Strauss also included his essay, “Note on the Plan of Nietzsche’s Beyond Good and Evil” in this collection. “For Nietzsche, as distinguished from the classics, politics belongs from the outset to a lower place than either philosophy or religion.” It is not a subset of philosophy, but below it. “Whereas according to Plato the pure mind grasps the truth, according to Nietzsche the impure mind, or a certain kind of impure mind, is the sole source of truth.” There is no natural law. “The world in itself, the “thing-in-itself,” “nature” is wholly chaotic and meaningless. Hence all meaning, all order originates in man, in man’s creative acts, in his will to power.” The world does not exist objectively, but must be interpreted. “The world of any concern to us is necessarily a fiction, for it is necessarily anthropocentric; man is necessarily in a manner the measure of all things.” Nietzsche contradicts Socrates about the nature, purpose, and goodness of knowledge. For Nietzsche, “knowledge cannot be, or cannot be good, for its own sake; it is justifiable only as self-knowledge: being oneself means being honest with oneself, going the way to one’s own ideal.” Nietzsche believed in different morals for different human beings. He despised “the morality stemming from timidity; that morality is the morality of the human herd, i.e. of the large majority of men.” He spoke of the “herd-instinct of obedience which is now almost universally innate and transmitted by inheritance.” Nietzsche denied that there is one true nature to man. “All values are human creations.” Passivity and amelioration will make man weak. “Suffering and inequality are the prerequisites of human greatness…. Hitherto suffering and inequality have been taken for granted, as “given,” as imposed on man. Henceforth, they must be willed.”

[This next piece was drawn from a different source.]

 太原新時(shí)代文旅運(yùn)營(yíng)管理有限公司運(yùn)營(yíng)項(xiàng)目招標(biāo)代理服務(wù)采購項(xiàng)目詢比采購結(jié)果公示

Strauss dives back into political philosophy proper with his essay, “Niccolo Machiavelli.” Strauss makes the case that Machiavelli’s ethics are a return to the ancients, to a pagan ethics. “That rediscovery which leads up to the demands that the virtue of the ancients be imitated by present-day men, runs counter to the present-day religion [Christianity]…. the virtues of the pagans are only resplendent vices.” For Machiavelli, Livy’s histories are his Bible. “Our religion has placed the highest good in humility, abjectness, and the disparagement of the human things, whereas the ancient religion has placed the highest good in greatness of mind, strength of body, and in all other things apt to make men most strong.” The Christian virtues might be fine for the individual, but not for politics and not for the ruler of men. “If one wishes that a sect or a republic live long, one must bring it back frequently to its beginning.” For Machiavelli, that beginning was ancient Rome. “Men were good at the beginning not because of innocence but because they were gripped by terror and fear.”

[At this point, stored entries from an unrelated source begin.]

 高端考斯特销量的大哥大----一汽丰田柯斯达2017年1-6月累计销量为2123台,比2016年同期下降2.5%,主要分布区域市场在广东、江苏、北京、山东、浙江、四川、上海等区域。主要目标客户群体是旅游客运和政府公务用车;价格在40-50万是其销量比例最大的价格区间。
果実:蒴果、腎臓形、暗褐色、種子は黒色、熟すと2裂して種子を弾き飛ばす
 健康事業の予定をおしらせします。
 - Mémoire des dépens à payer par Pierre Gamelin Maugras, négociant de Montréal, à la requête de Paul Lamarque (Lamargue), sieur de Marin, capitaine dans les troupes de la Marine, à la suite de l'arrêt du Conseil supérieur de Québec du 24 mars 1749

The final essay in this collection is Strauss’ introduction to a new edition of Hermann Cohen’s book, “Religion of Reason Out of the Sources of Judaism.” This neatly essay brings together Strauss’ passions for religion, reason, esoteric writing, deep reading, and the Jewish traditions. In Cohen’s discussion on the fellowship of man, Strauss brings out the point that “for the prophets and the psalms it is poverty and not death and pain that constitutes the great suffering of man or the true enigma of human life…. Poverty becomes the prime object of compassion.” On prayer, Strauss states, “the soul and inwardness of the Law is prayer. Prayer gives life to all actions prescribed by the Law…. Prayer is the language of the correlation of man with God. As such it must be a dialogue while being a monologue…. If all other purposes of prayer could be questioned, its necessity for veracity, for purity of the soul cannot.” Finally, Strauss ends, “truthfulness requires knowledge, and our knowledge is imperfect. Therefore truthfulness must be accompanied by modesty, which is the virtue of skepticism…. He who is humble before God is modest toward men.”